Source: Frontiers in Endocrinology Published:2019


Abstract

Introduction: Cell therapy can overcome the limitation of conventional treatments (including different medications and β cell replacement) for type 1 diabetes. Based- on several studies human fetal mesenchymal and hematopoietic stem cells are ideal candidates for stem cell therapy. On the other hand, co-transplantation of them can improve their effects. Accordingly, the aim of this research is co-transplantation of human fetal mesenchymal and hematopoietic stem cells in type 1 diabetes.
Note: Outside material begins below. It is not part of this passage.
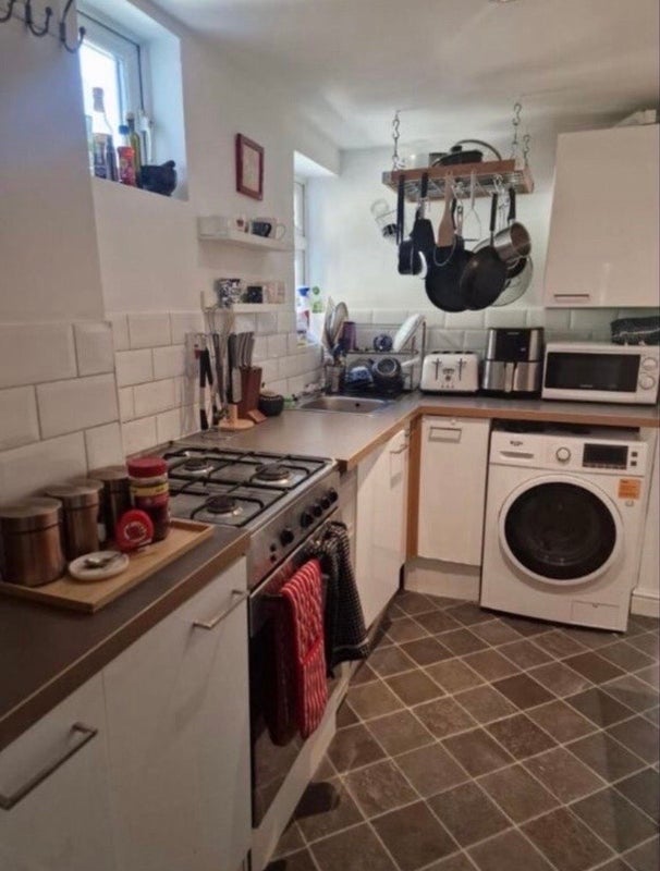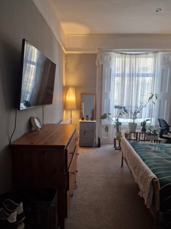 King size room available in a delightful 2-bedroom, 1-bathroom flat in a great location. It has a good-sized living room, a separate modern kitchen, and a modern bathroom with a bath and a shower.
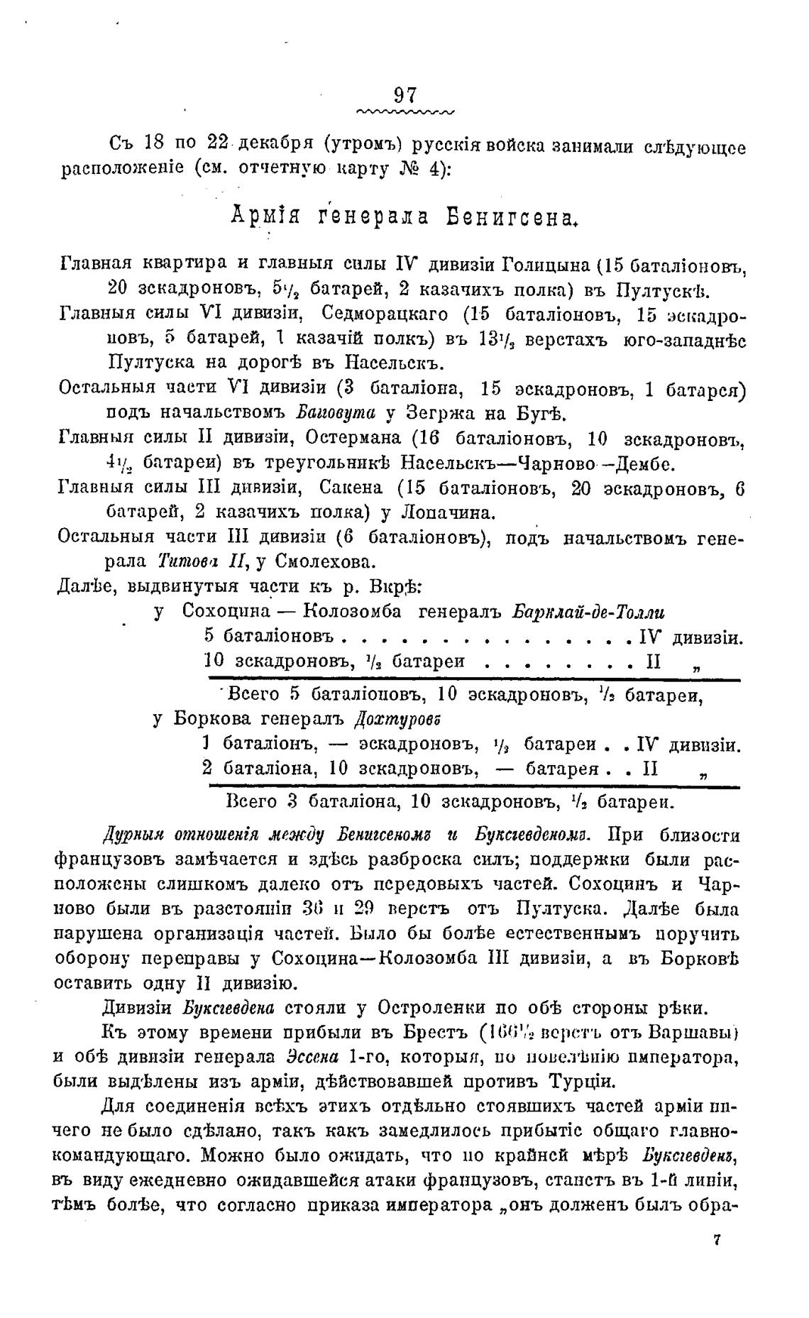 20 эскадроновъ, 5'/2 батарей, 2 казачихъ полка) въ Пултуске1;.

Materials and Methods: The liver of legally aborted fetus was harvested. Then, mononuclear cells were isolated and extracted mesenchymal stromal cells and CD34+ hematopoietic stem cells were cultured. Expression of pluripotency markers were evaluated. For molecular imaging, mesenchymal stromal cells were labeled using GFP- vector. BALB/c inbred male mice were modeled by injection a single dose of Streptozotocin. Diabetic animals were received stem cells. After stem cell transplantation, in vivo imaging was performed and blood glucose levels were measured weekly. Results: Fetal mesenchymal stromal cells were demonstrated differentiation potential. Expression of pluripotency markers were positive. The mean of blood glucose levels were reduced in mixed mesenchymal and hematopoietic stem cells transplantation. A lot of GFP-labeled mesenchymal stem cells were engrafted in the pancreas of animal models that received a mixed suspension of hematopoietic and mesenchymal stromal cells. Conclusions: Human fetal stem cells are valuable source for cell therapy and co-transplantation of mesenchymal stromal cells can improve therapeutic effects of hematopoietic stem cells. © Copyright © 2019 Arjmand, Goodarzi, Aghayan, Payab, Rahim, Alavi-Moghadam, Mohamadi-jahani and Larijani.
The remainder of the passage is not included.